Aluna: Fernanda Ribeiro de Almeida

Fichamento do terceiro capítulo, A Prisão de Petrus Valvomeres, do livro Mimesis, de


Erich Auerbach

Vimos no capítulo anterior, Fortunata, Auerbach realizar um contraste entre


dois tipos1 possíveis de compreensão da realidade através da literatura: um deles, a
compreensão moralista-retórica, é representada por Petrônio e Tácito. Típica da
tradição clássica, essa compreensão é incapaz de captar as forças históricas
subjacentes ao cotidiano, e dele se aproxima somente em tom cômico ou satírico. Já
no outro tipo, a realidade é apreendida como movimento histórico e um trecho do
Novo Testamento serve como referência. Acontecimentos banais, como a negação de
Pedro, passam então a emergir na literatura com forte dramaticidade e
problematicidade, marcando o surgimento de uma consciência histórica ausente nos
autores clássicos.
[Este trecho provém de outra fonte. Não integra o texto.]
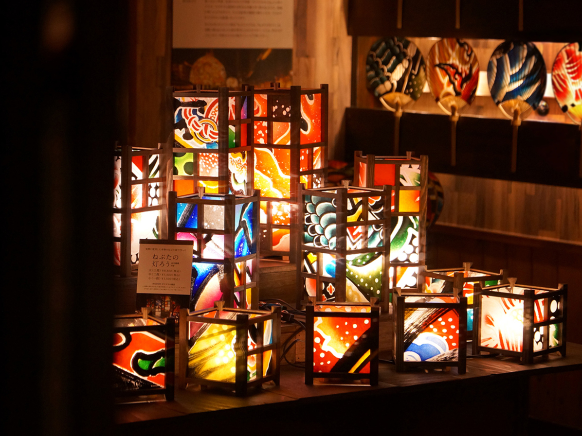 実際に黒石ねぷたまつりで使用した「ねぷた絵」を再利用し、うちわや灯ろうの制作体験や販売を行う工房です。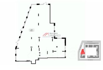 Помещение 484,4 м2 располагается на 1 этаже, открытая планировка, 3 отдельных входа с фасада, высота потолка 4,7 м, витринные окна по фасаду.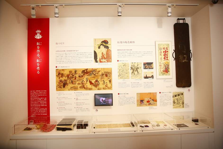 관내에는 다양한 자료가 전시되어 있는 상설전시와 립스틱을 체험할 수 있는 커뮤니케이션 룸으로 나뉘어져 있다. 상설 전시에서는 예로부터 염료와 화장에 사용되어 온 홍색의 역사와 원료가 되는 홍화의 생산과 유통 과정 등을 살펴볼 수 있다.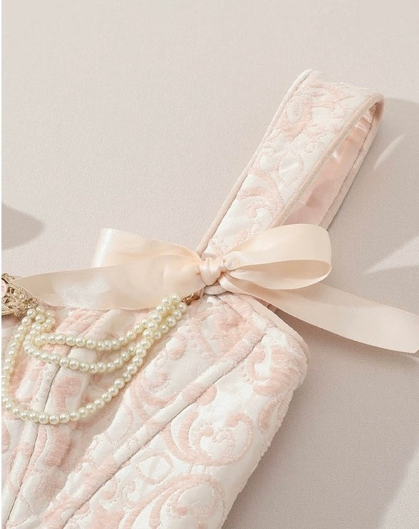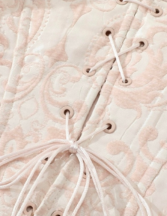Built-in with eight metal bones for shaping, this corset stays beautifully in place while highlighting the waistline. We love the silky velvet trim detailing, adding a subtle contrast in texture. Adjustable ribbon shoulder straps in a matching glossy finish let you tie it your way – how cute is that?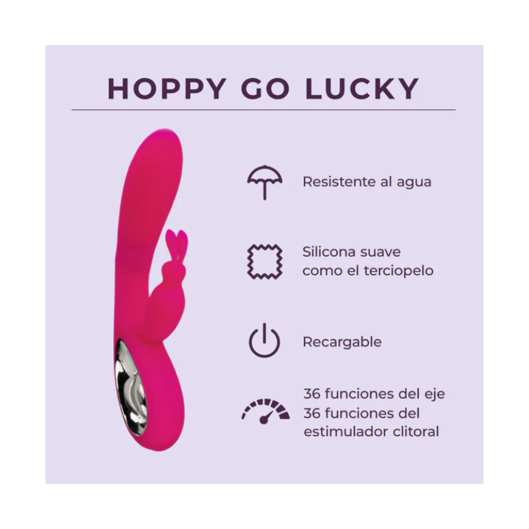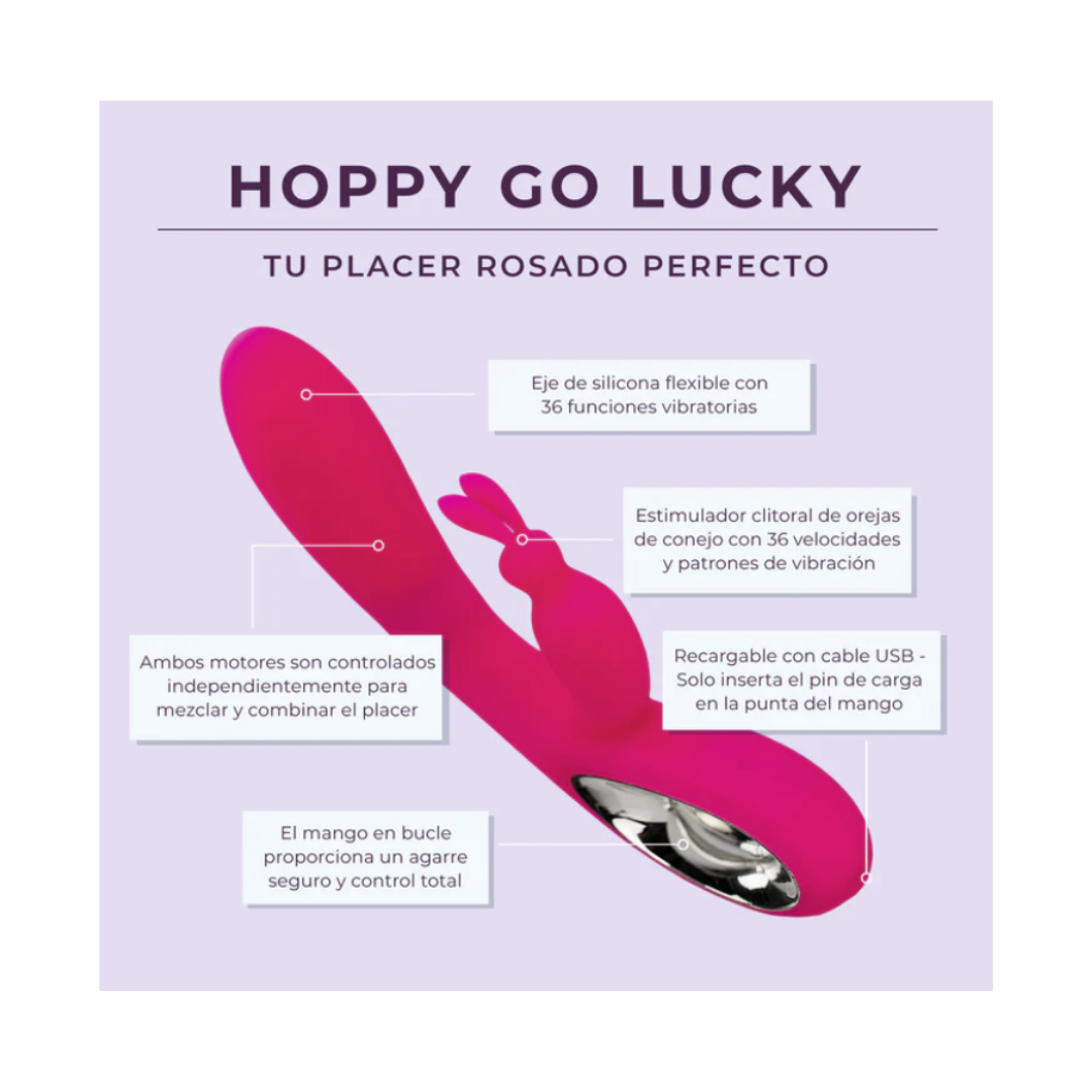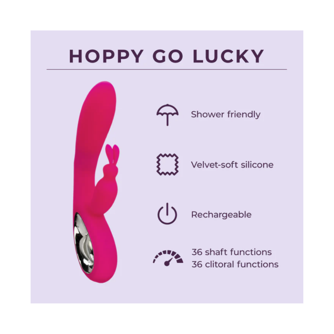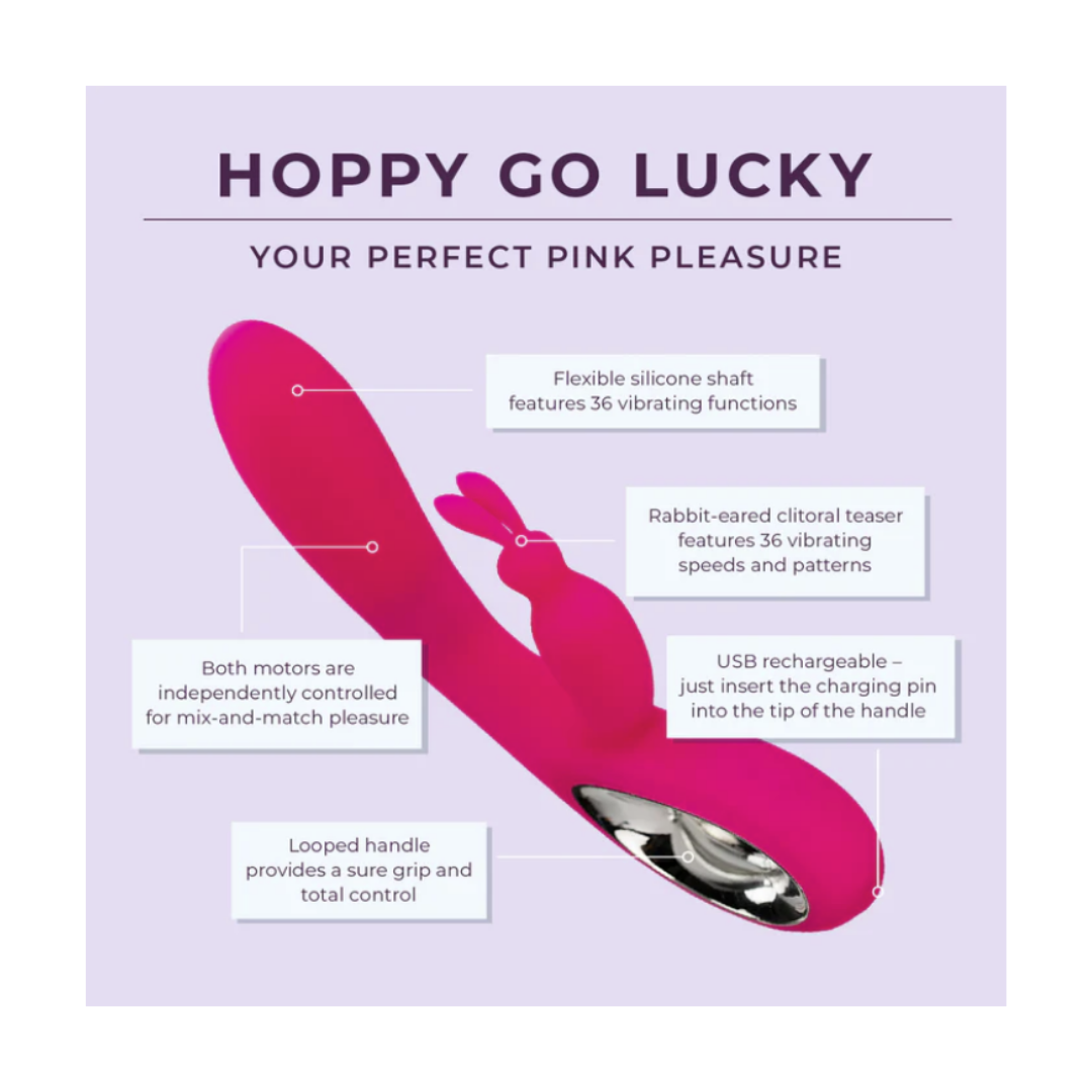 Ready to bunny-hop to bliss? Well, meet Hoppy Go Lucky. This dual-action vibrator features a looped handle, a rabbit-eared clitoral stimulator, and a flexible silicone shaft.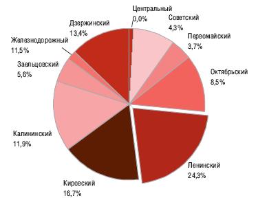 На втором месте Кировский район - 16,7%, немного отстает от него Дзержинский район -13,4%, Калининский район - 11,9% и Железнодорожный район - 11,5%. 8,5% от общего предложения складских площадей пришлось на долю Октябрьского района. В Центральном районе складских площадей на продажу не предлагалось.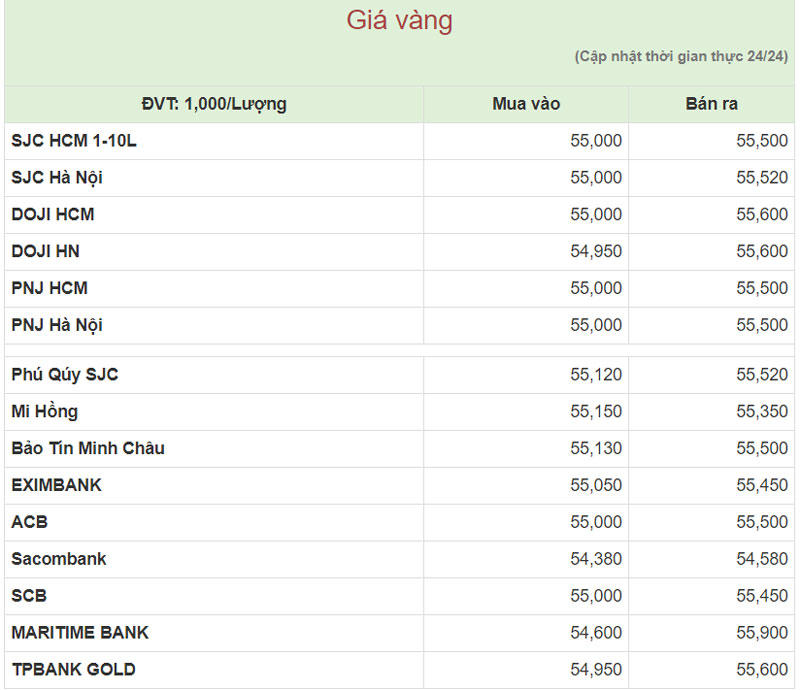 Hiện công ty Vàng bạc đá quý Sài Gòn (SJC) niêm yết giá vàng miếng mua vào ở mức 55 – 55,52 triệu đồng/lượng (mua vào-bán ra).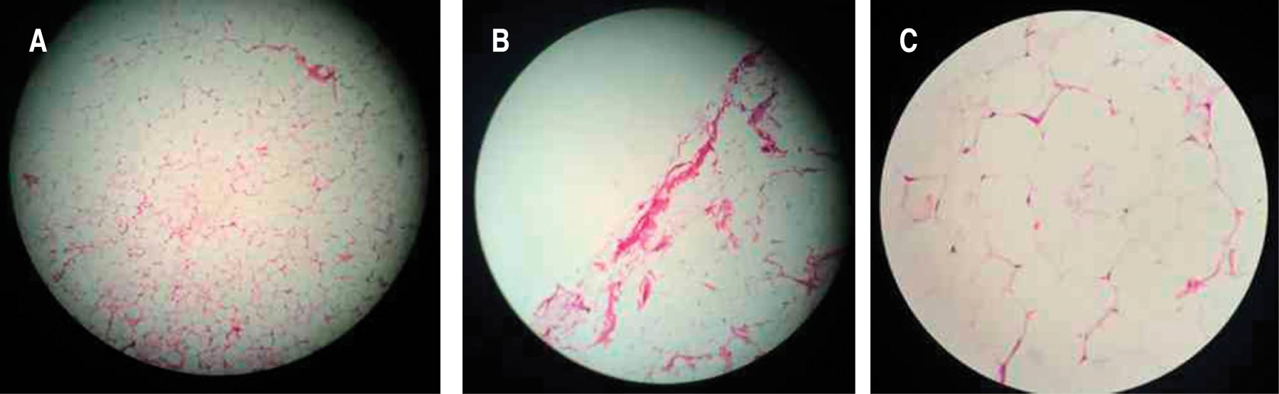 Histológicamente, los lipomas son casi indistinguibles del tejido adiposo normal,4 están compuestos principalmente de adipocitos maduros; estas lesiones son uniformes en forma y tamaño y están bien circunscritas. Una cápsula rodea habitualmente una masa lobular suave, de color amarillo a naranja. Aunque el aspecto histológico se parece al tejido adiposo maduro, los lipomas no derivan de adipocitos maduros, sino de preadipocitos mesenquimatosos.6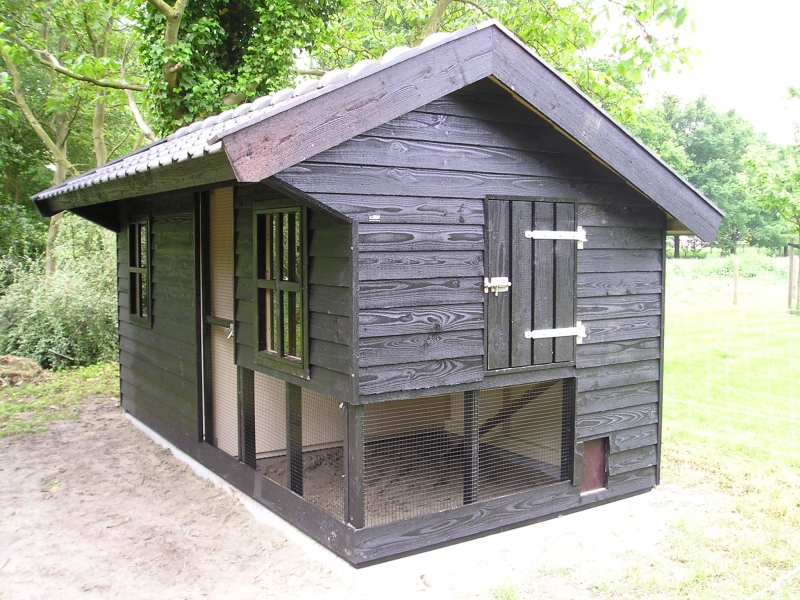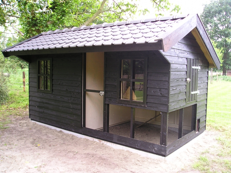 Dit mooi afgewerkte kippenhok, gemaakt van geïmpregneerd douglas, is een goede keuze wanneer u een gecombineerd dierenverblijf zoekt. Het verblijf bestaat uit een nachthok met ruime opening, een kippenren op stahoogte, en een binnen gedeelte voor grotere weidedieren. Ook dit laatste is goed bereikbaar via een tweedelige deur. Verder is er in dit gedeelte een raam en een opening aan de achterkant verwerkt. In het nachthok is een hangend legnest en een vaste zitstok te vinden. Ook is het mogelijk om de ruimte te ventileren d.m.v. het verschuifbare plexiglas, en het af te sluiten van de ren met een luikje. Het verblijf heeft een stevige hardhouten onder-regel, een luifel aan de voorzijde, en als dakbedekking dakpannen, die in verschillende kleuren beschikbaar zijn. Het is ook mogelijk om andere afmetingen aan te vragen. Wanneer u verder graag nog wat aanpassingen zou willen maken, kunt u dit in de offerte vermelden.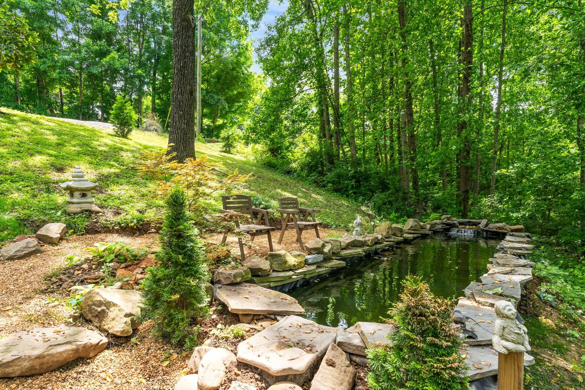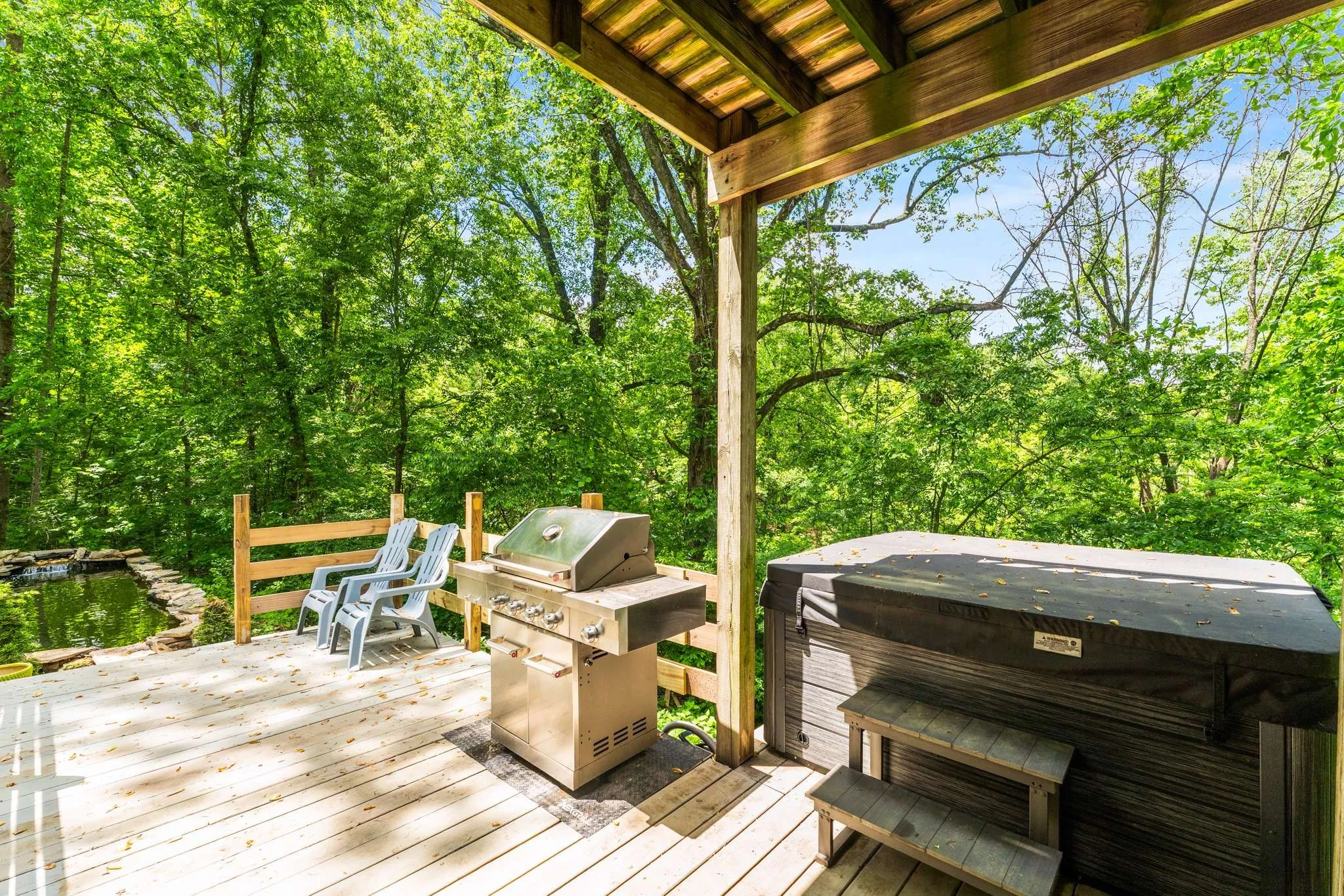 Sellers are offering $5000 towards rate buy down or closing cost. Nestled among mature trees in the scenic hills of Goodlettsville, this picturesque home offers the perfect blend of privacy, nature, and comfort. Set on a full acre, it features a beautifully finished walkout basement with a large rec room, full bathroom, and closet – ideal as a guest suite, home office, or flex space tailored to your lifestyle. The property features a welcoming front porch shaded by towering hardwoods, ideal for unwinding with serene views. Step inside to discover beautiful hardwood floors throughout and a spacious open-concept layout connecting the living, dining, and kitchen areas. A cozy wood burning fireplace anchors the living room, which opens onto a raised deck – perfect for summer BBQs or peaceful evenings with nature as your backdrop. Listen and enjoy the beautiful pond or soak in the relaxing hot tub. The kitchen boasts an island, ample cabinet and counter space, and a charming, wooded view from the sink. All kitchen appliances are included. A convenient powder room serves guests on the main floor. Upstairs, you’ll find generously sized bedrooms with walk-in closets and a full bath featuring a double vanity. Additional features include a 2.5-year-old durable metal roof. Don’t miss the chance to own this unique forest hideaway!
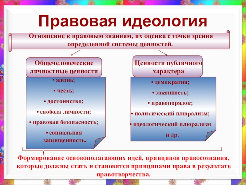 Формирование основополагающих идей, принципов правосознания, которые должны стать и становятся принципами права в результате правотворчества.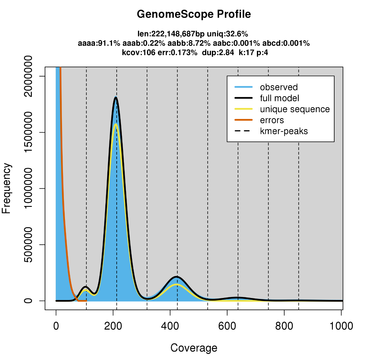 - 黃色擬合線被認(rèn)為來(lái)自基因組非重復(fù)區(qū)域的K-mer分布;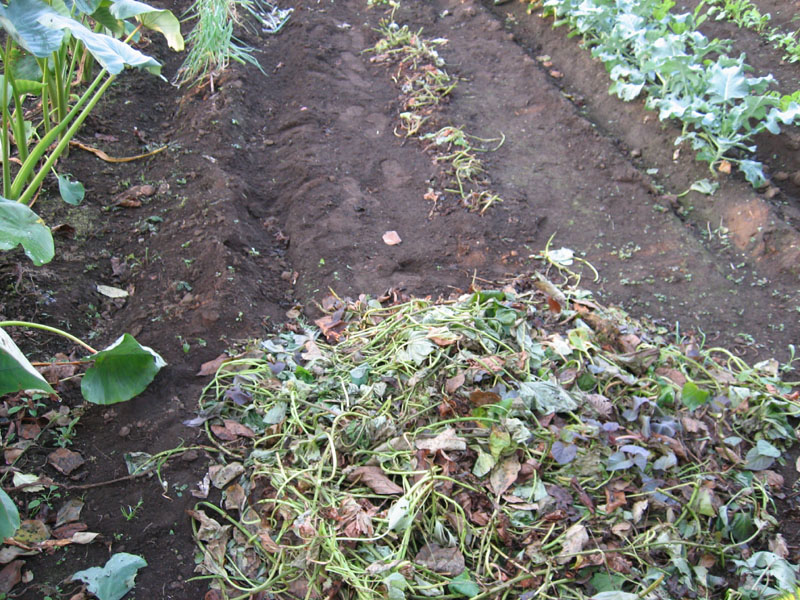 ただし、放置しておけば良いというものでは無く、このままだと、伸びたツルの下に根が出てきて新たな芋ができはじめてしまい、一つの芋が大きく育たなくなってしまうので、ツルをひっくり返す『ツル返し』をします。右の写真がツル返し後の様子です。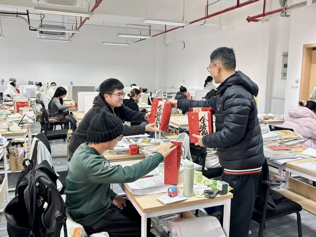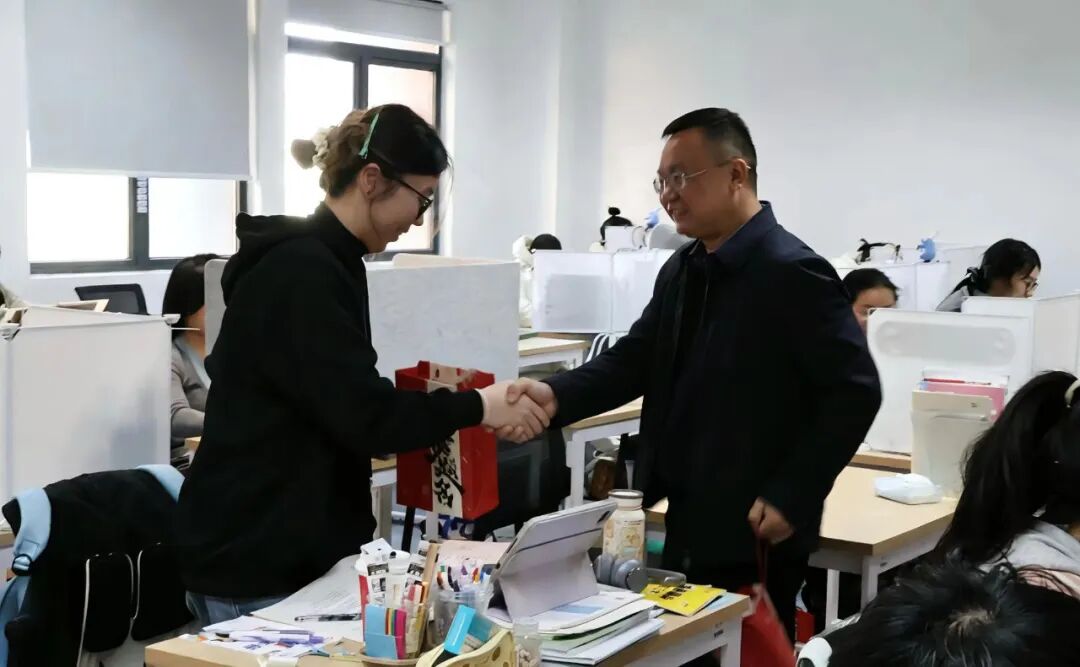 在自习室,院领导们实地了解了同学们的冲刺备考状态,与大家亲切交谈并送上装有朱鹤健教授亲笔寄语卡片、文具、暖贴等实用物品的考研礼包,叮嘱同学们在冲刺阶段放平心态、注意身体,祝福大家取得优异成绩。

Veremos agora, no terceiro capítulo, os seguintes pontos abaixo
resumidos:

Inicialmente, o estilo clássico dos historiadores-moralistas, como o de Tácito e


Amiano, servirá, para Auerbach, como expressão da decadência da cultura Antiga
tardia. Para tanto, serão apontadas as modificações na sintaxe, no vocabulário e no
modo de representação da realidade pelas quais passam o estilo desses autores, em
comparação com a forma e o conteúdo da tradição clássica. No caso de Amiano, nota-
se que a retórica elevada e o discurso carregado de juízos morais incorporam o
sensível-gestual, produzindo um “realismo berrante”. Marcado pelo predomínio do
horripilante, do grotesco e do sádico, o realismo do oficial romano eliminará a
existência de qualquer força positiva que se contraponha a essas forças terríveis. A
ausência de um contrapeso aos aspectos sombrios de sua obra é a mesma ausência de
1
Divisão realizada por Waizbort em seu artigo Erich Auerbach e a condição humana, p. 192.

1
um fator positivo na situação política e social do Império, que carecia, na época, de
qualquer esperança quanto ao seu futuro. Neste sentido, Auerbach notará que as
Metamorfoses de Ovídio, conhecidas desde o início do século I d.C., representam com
precocidade as mesmas tendências do estilo de Amiano.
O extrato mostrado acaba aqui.